- Cultural origins: Ethiopia
- Typical instruments: Krar; masenqo; saxophone; washint; begena;

Subgenres
- Zema (Christian Liturgical Chant) Ethio-jazz

Regional scenes
- Amhara Region; Tigray Region; Addis Ababa;

Local scenes
- Begmeder; Shewa; Gojjam; Wello;

Other topics
- Music of Eritrea

= Music of Ethiopia =

Ethiopian music is a term that can mean any music of Ethiopian origin, however, often it is applied to a genre, a distinct modal system that is pentatonic, with characteristically long intervals between some notes.

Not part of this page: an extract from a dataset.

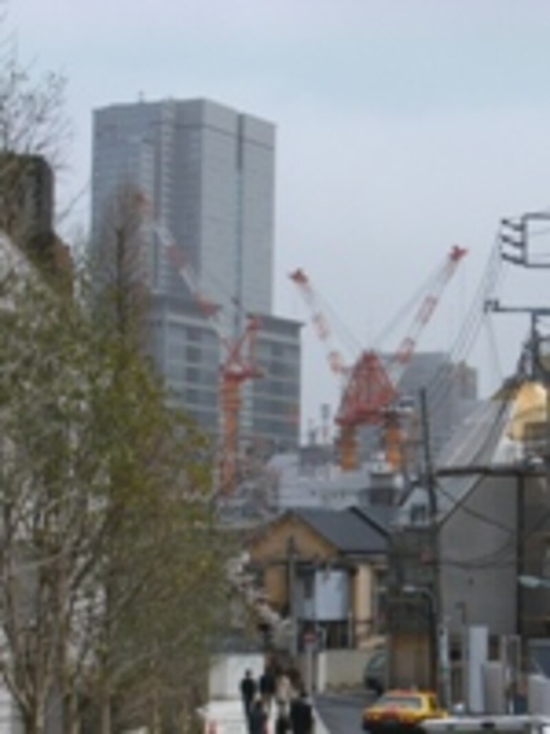 | 最近の赤坂では大きなクレーンや工事中のフェンスをよく目にする |

The music of the Ethiopian Highlands uses a fundamental modal system called qenet, of which there are four main modes: tezeta, bati, ambassel, and anchihoy. Three additional modes are variations on the above: tezeta minor, bati major, and bati minor. Some songs take the name of their qenet, such as tizita, a song of reminiscence. When played on traditional instruments, these modes are generally not tempered (that is, the pitches may deviate slightly from the Western-tempered tuning system), but when played on Western instruments such as pianos and guitars, they are played using the Western-tempered tuning system.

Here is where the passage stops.